=== TASK ITEM ===
Using the data below, output a verbatim copy of the lines between the one holding "Стильный женский костюм, состоит" and the one holding "Uchwała nr XXXV/224/2021", inclusive, without any pictures.

++++

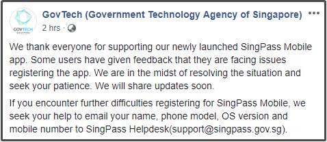 后来,政府科技局也在Facebook上发文说,他们收到很多用户反馈无法登入SingPass手机应用。他们说当局正在努力坚决问题,希望大家见谅。
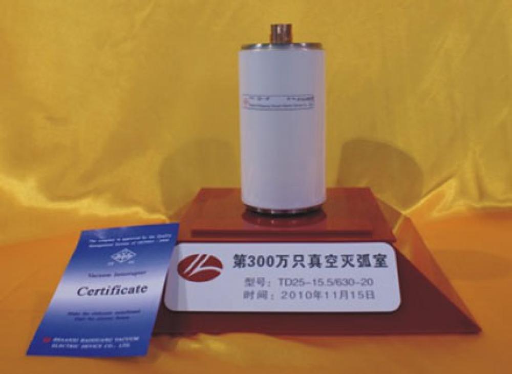 截止2014年,寶光牌真空滅弧室產(chǎn)銷量累計(jì)超過500萬只,年生產(chǎn)能力超過60萬只年出口真空滅弧室10萬只。
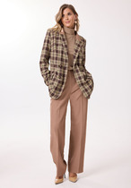 Стильный женский костюм, состоит из блузона и брюк. Костюм выполнен в спортивном стиле.
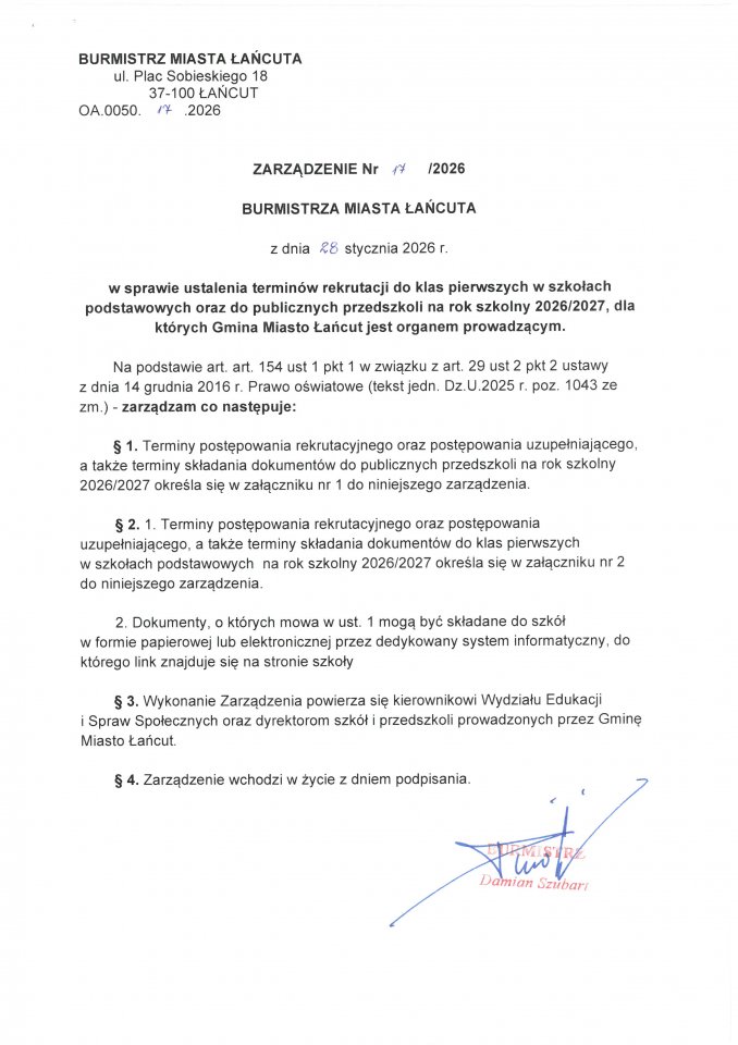 Uchwała nr XXXV/224/2021 Rady Miasta Łańcuta z dnia 28 stycznia 2021 r. w sprawie zmiany uchwały nr XXXIX/260/2018 Rady Miasta Łańcuta z dnia 15 lutego 2018 r. w sprawie określenia kryteriów w postępowaniu rekrutacyjnym do klas pierwszych szkół podstawowych, dla których organem prowadzącym jest Miasto Łańcut oraz dokumentów niezbędnych do potwierdzenia tych kryteriów.
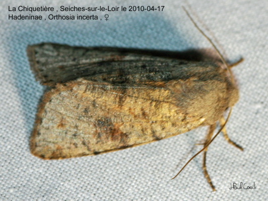 NOCTUIDAE, Noctuinae, Orthosiini, Orthosia (Orthosia) incerta (Hufnagel, 1767)_4800/448062 l'Inconstante, la Fragile, l'Orthosie variable (femelle)_La Chiquetière, Seiches-sur-le-Loir le 2010-04-17_Ident : J-P FAVRETTO

++++

=== ANSWER BOX ===
 Стильный женский костюм, состоит из блузона и брюк. Костюм выполнен в спортивном стиле.
 Uchwała nr XXXV/224/2021 Rady Miasta Łańcuta z dnia 28 stycznia 2021 r. w sprawie zmiany uchwały nr XXXIX/260/2018 Rady Miasta Łańcuta z dnia 15 lutego 2018 r. w sprawie określenia kryteriów w postępowaniu rekrutacyjnym do klas pierwszych szkół podstawowych, dla których organem prowadzącym jest Miasto Łańcut oraz dokumentów niezbędnych do potwierdzenia tych kryteriów.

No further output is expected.